- [What you need to do]
Your answer must be a word-for-word copy of the listing, with all pictures excluded.

- [Dataset extract]
______________________________
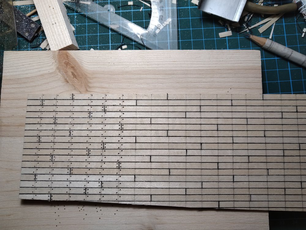 Палубы жутко изведены. Но надеюсь, что когда приклею их к бимсам, кривизна уйдет. Погибь решил не делать, боюсь испортить.
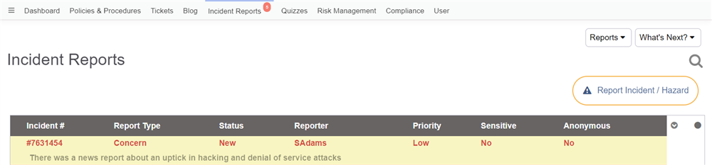 Additionally, a user can also report an incident directly from the Incidents Reports tab, by clicking the "Report Incident" button above the list.
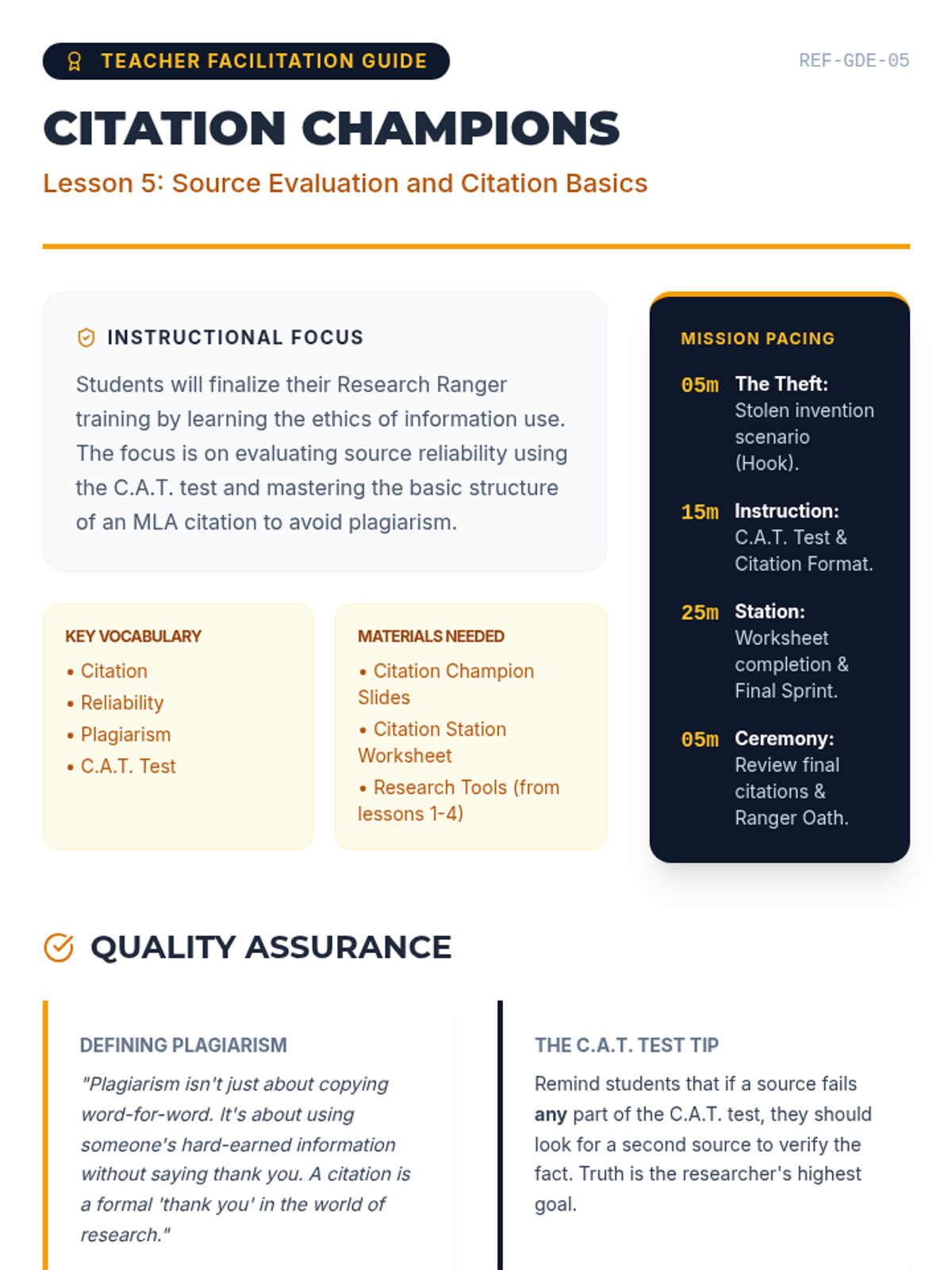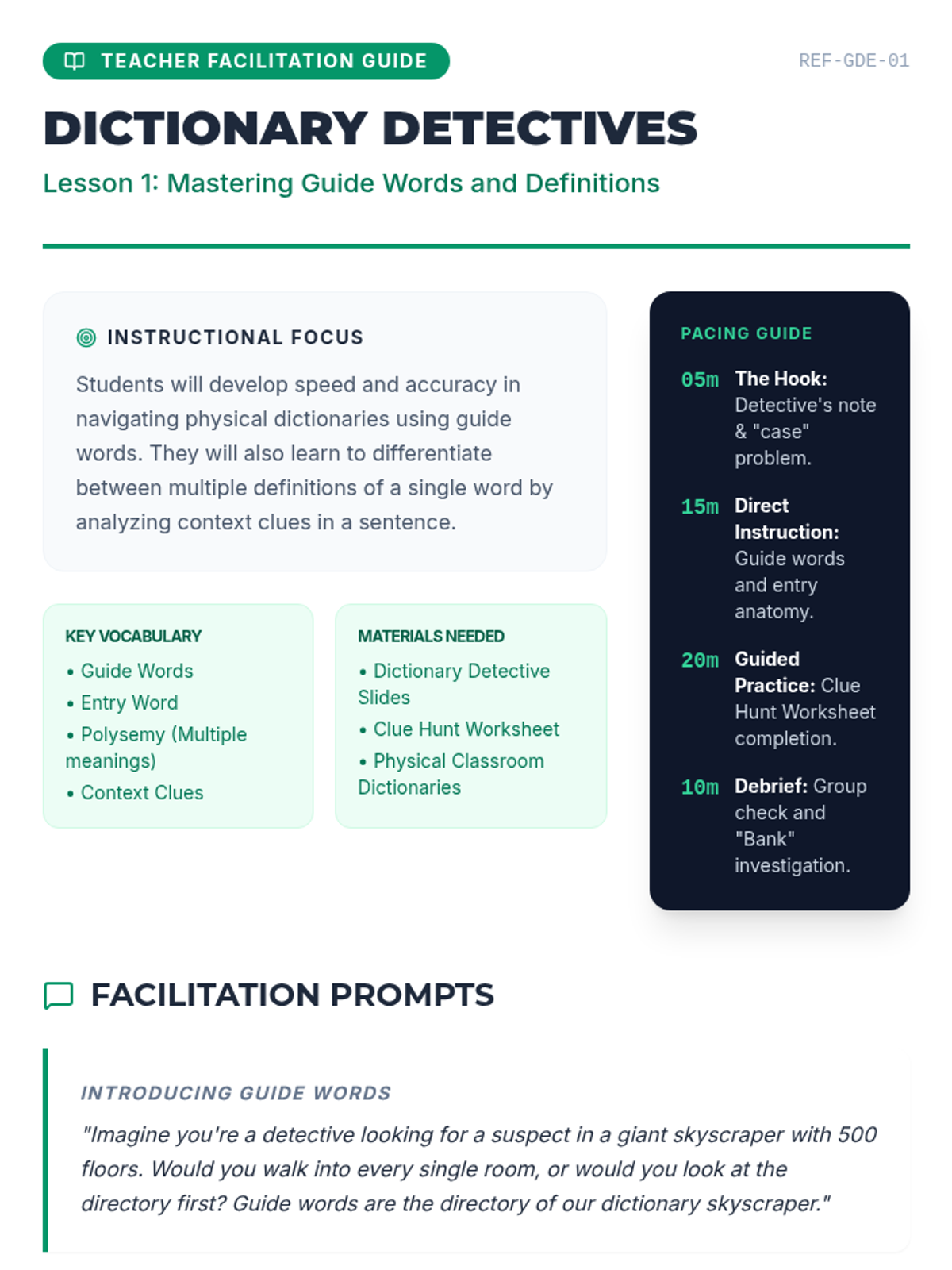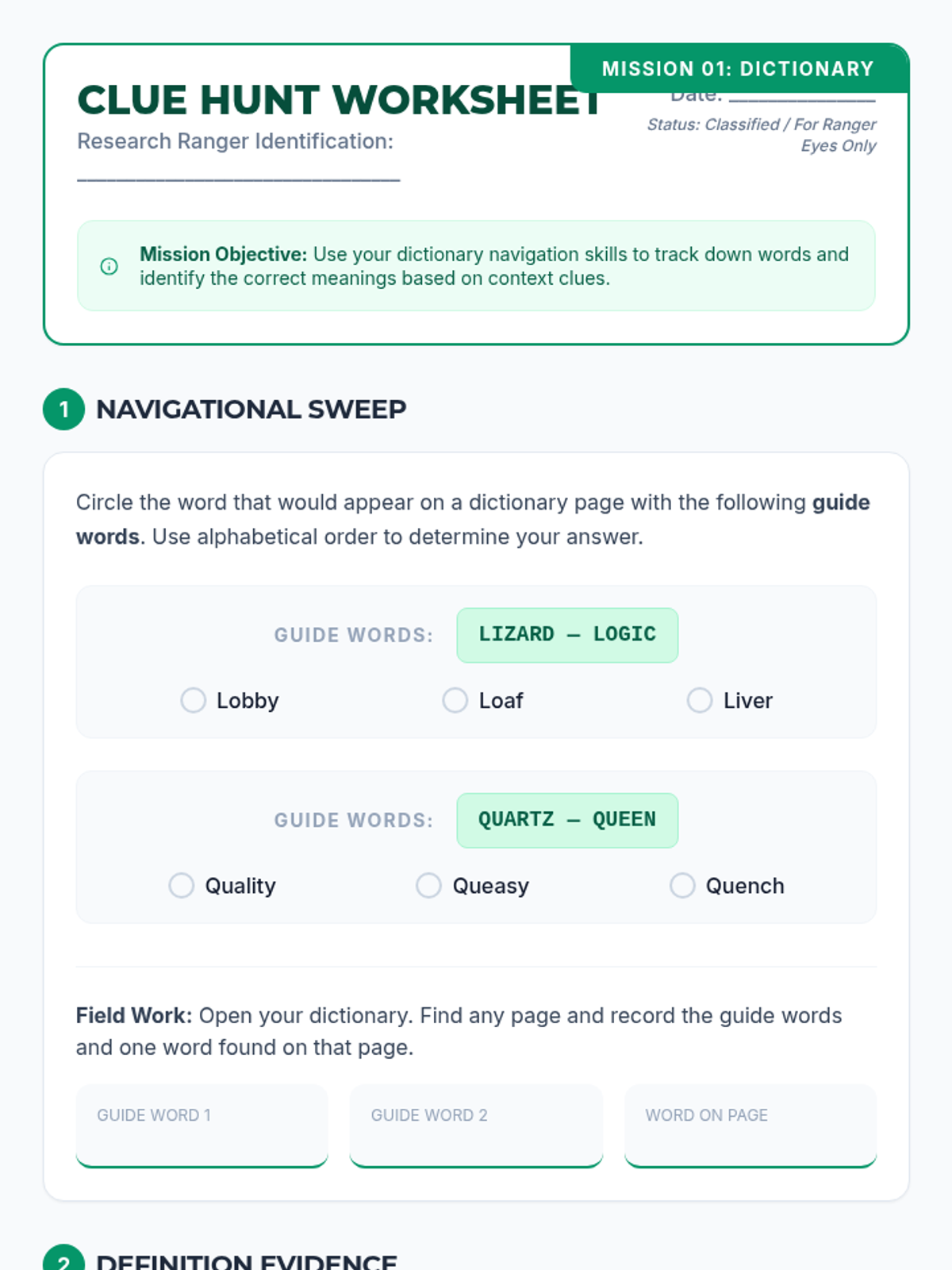 A comprehensive sequence for fifth-grade students to master reference tools, including dictionaries, thesauruses, encyclopedias, and digital databases. Students learn to navigate guide words, select precise synonyms, use indexes, and cite sources accurately.
______________________________
- [Output of the task]
 Палубы жутко изведены. Но надеюсь, что когда приклею их к бимсам, кривизна уйдет. Погибь решил не делать, боюсь испортить.
 Additionally, a user can also report an incident directly from the Incidents Reports tab, by clicking the "Report Incident" button above the list.
 A comprehensive sequence for fifth-grade students to master reference tools, including dictionaries, thesauruses, encyclopedias, and digital databases. Students learn to navigate guide words, select precise synonyms, use indexes, and cite sources accurately.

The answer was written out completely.